SOURCE RECORDS section start

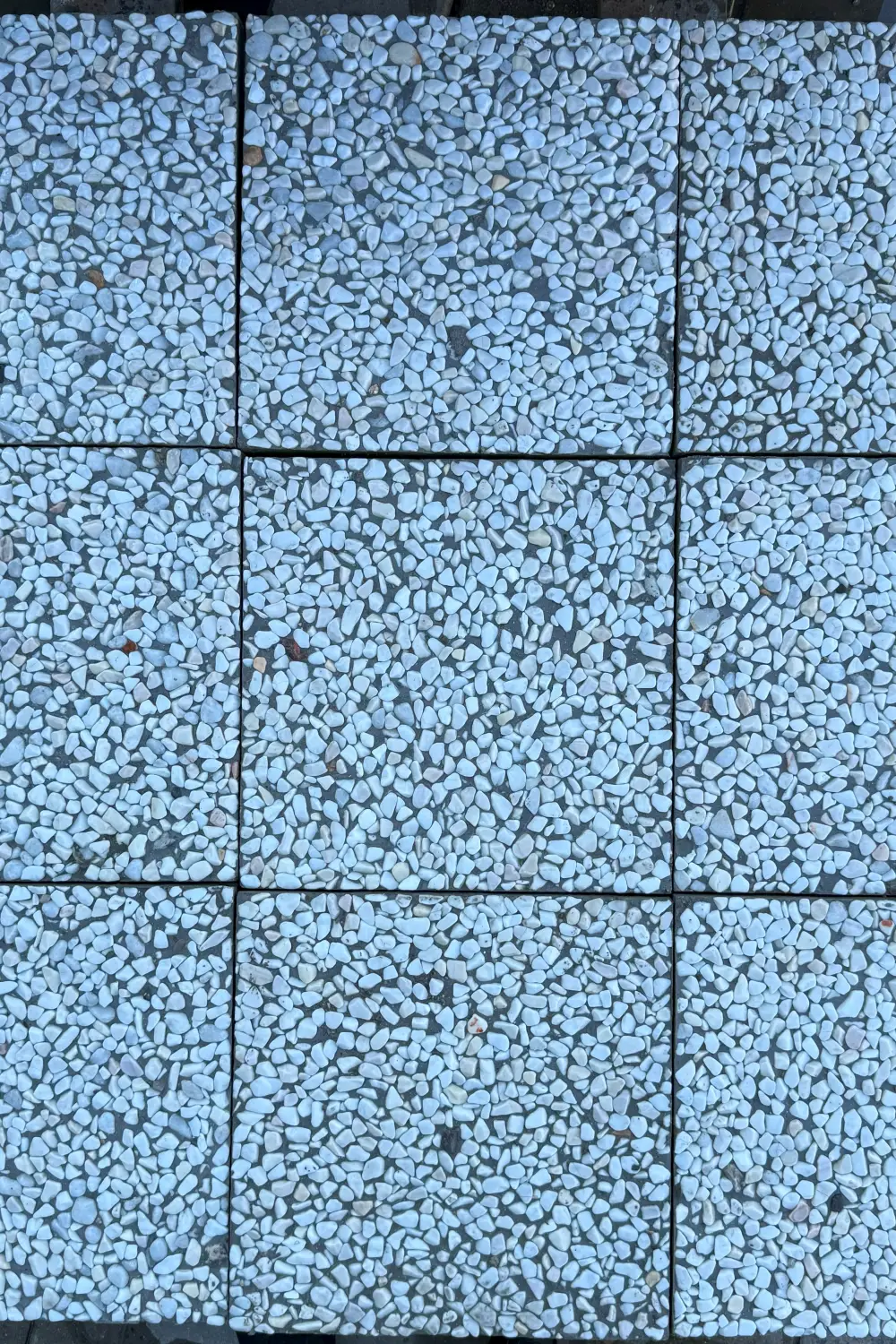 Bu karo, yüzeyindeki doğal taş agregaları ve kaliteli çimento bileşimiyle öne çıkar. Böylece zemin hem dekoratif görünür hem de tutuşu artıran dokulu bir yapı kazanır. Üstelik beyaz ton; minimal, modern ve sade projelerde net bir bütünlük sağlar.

SOURCE RECORDS section end
SOURCE RECORDS section start

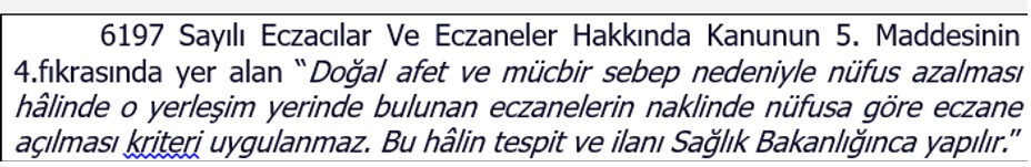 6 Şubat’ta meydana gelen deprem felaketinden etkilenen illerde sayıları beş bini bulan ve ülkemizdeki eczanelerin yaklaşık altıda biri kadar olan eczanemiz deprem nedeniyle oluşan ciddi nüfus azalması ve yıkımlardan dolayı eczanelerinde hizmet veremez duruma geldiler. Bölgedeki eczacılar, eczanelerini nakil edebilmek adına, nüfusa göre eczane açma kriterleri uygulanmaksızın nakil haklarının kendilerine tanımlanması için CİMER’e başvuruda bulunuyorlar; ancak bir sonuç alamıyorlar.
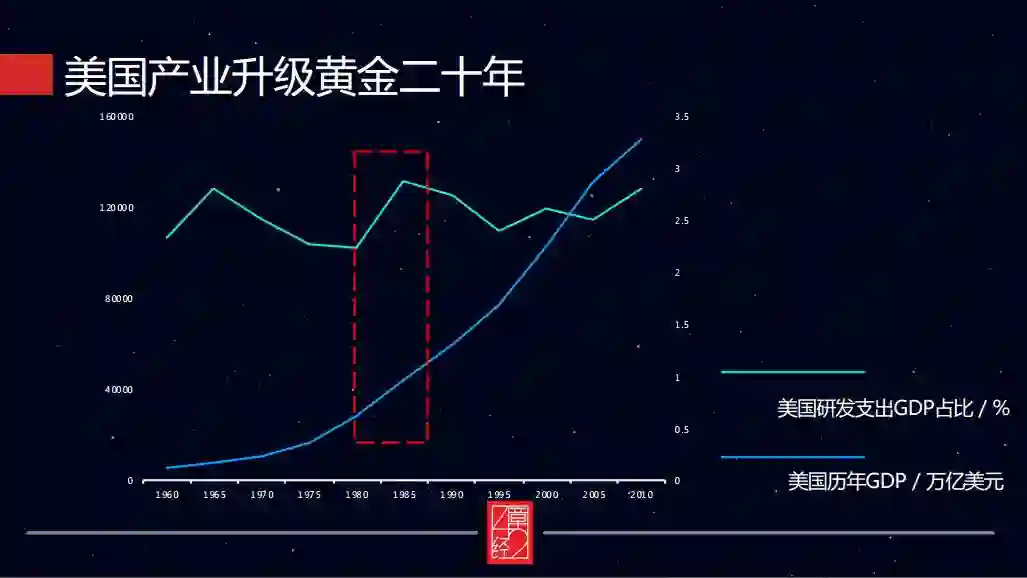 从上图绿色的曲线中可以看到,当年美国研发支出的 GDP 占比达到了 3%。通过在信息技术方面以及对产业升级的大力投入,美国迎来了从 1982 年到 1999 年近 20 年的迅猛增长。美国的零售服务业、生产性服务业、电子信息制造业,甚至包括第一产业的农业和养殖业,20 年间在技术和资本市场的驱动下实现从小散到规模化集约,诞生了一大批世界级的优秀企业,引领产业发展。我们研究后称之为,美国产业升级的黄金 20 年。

SOURCE RECORDS section end
SOURCE RECORDS section start

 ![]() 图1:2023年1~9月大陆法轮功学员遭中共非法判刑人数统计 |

SOURCE RECORDS section end

▸ EXERCISE DESCRIPTION: Keep to the lines above from the line with "6 Şubat’ta meydana" to the line with "从上图绿色的曲线中可以看到,当年美国研发支出的 GDP 占比达到了", and set down exactly those, inclusive, with nothing else and every picture left out.

▸ ANSWER BOX:
 6 Şubat’ta meydana gelen deprem felaketinden etkilenen illerde sayıları beş bini bulan ve ülkemizdeki eczanelerin yaklaşık altıda biri kadar olan eczanemiz deprem nedeniyle oluşan ciddi nüfus azalması ve yıkımlardan dolayı eczanelerinde hizmet veremez duruma geldiler. Bölgedeki eczacılar, eczanelerini nakil edebilmek adına, nüfusa göre eczane açma kriterleri uygulanmaksızın nakil haklarının kendilerine tanımlanması için CİMER’e başvuruda bulunuyorlar; ancak bir sonuç alamıyorlar.
 从上图绿色的曲线中可以看到,当年美国研发支出的 GDP 占比达到了 3%。通过在信息技术方面以及对产业升级的大力投入,美国迎来了从 1982 年到 1999 年近 20 年的迅猛增长。美国的零售服务业、生产性服务业、电子信息制造业,甚至包括第一产业的农业和养殖业,20 年间在技术和资本市场的驱动下实现从小散到规模化集约,诞生了一大批世界级的优秀企业,引领产业发展。我们研究后称之为,美国产业升级的黄金 20 年。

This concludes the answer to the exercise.